What the assistants convinced her was that she had to delegate more, share more responsibility, and lessen the load she’d been carrying.

“The way I looked at my playing career: Nobody made me miss a basket and nobody made one for me,” Tuter said. “I took that mentality with me when I became a head coach. But I had to learn the tough way, that you can’t take responsibility for everything. As a player and as an assistant, the harder I worked, the more successful I became. But I learned, as a head coach, that’s not necessarily the case. I learned I need to go home and get some sleep. I need to just not pay attention to everything. It’s a lesson that coaches older than me have already learned. I needed to grow up and become a head coach.”

Tuter said her frequent introspection even led her to consider leaving coaching.

“At one point, I asked my self ‘How important is this?,’ ” said Tuter, who was a twice Gatorade Player of the Year at Soldotna High in Alaska, before accepting one of 147 scholarship offers to play basketball at Arizona State (she said she had scholarship offers in volleyball and track and field). She became the third-leading scorer in ASU history with 1,374 points. “Was it that coaching just wasn’t for me and I needed to go back to Alaska and become a fishing guide? Or, did I need to just step back, and figure out how to get better. To realize that my team was marginal at best and I’m in charge of it and that’s on me?

“I decided I wanted to accept the challenge of coaching and move on from there.”

Tuter has scaled back, she said, but she will never fully disengage the intensity she believes might rank her among the top five percentile of the ultra-competitive coaching fraternity.

“I don’t believe I can every fully turn off that switch,” Tuter said. “Even when I’m in Palm Desert [her primary mode of relaxation — she hasn’t been to a movie in six years, she said], I’ll get relaxed for a minute, then I’ll think ‘How is Kelly’s knee?’ or ‘How is another player doing?’

“But I’ve come to the conclusion this year that there is a time and place for that intensity. I was probably misusing that time and place. I think it took [losing it at Cal Poly] for me to see that. I think that made me grow up some.”

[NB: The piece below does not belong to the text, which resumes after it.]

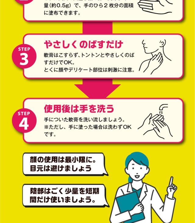 ・大人の人差し指の、先端から第一関節までにお薬を乗せた量(約0.5g)が、大人の手のひら2枚くらいに塗ることができる量の目安です。

Tuter, who is optimistic about her team’s tournament chances, believes her program should competitively mature beginning next season.

“For the first time, we’ve recruited some JC kids,” she said. “We’ve gotten a few recruits that have prompted other people to say ‘Oh my!’ I think the freshmen we have this year are more athletic than we’ve been and I think [Cochran] is going to be a heck of a leader for us. We’re selling recruits on being a part of building something special here and I believe we can compete for the conference title next season.”

Tuter said her own personal growth as a coach is another positive to take into next season.

“Maybe I didn’t need to go down a completely different road, but I needed to have more than one road and I needed to be willing to use all those roads,” she said. “I know that because of this year, I’ll be a much better head coach next year.”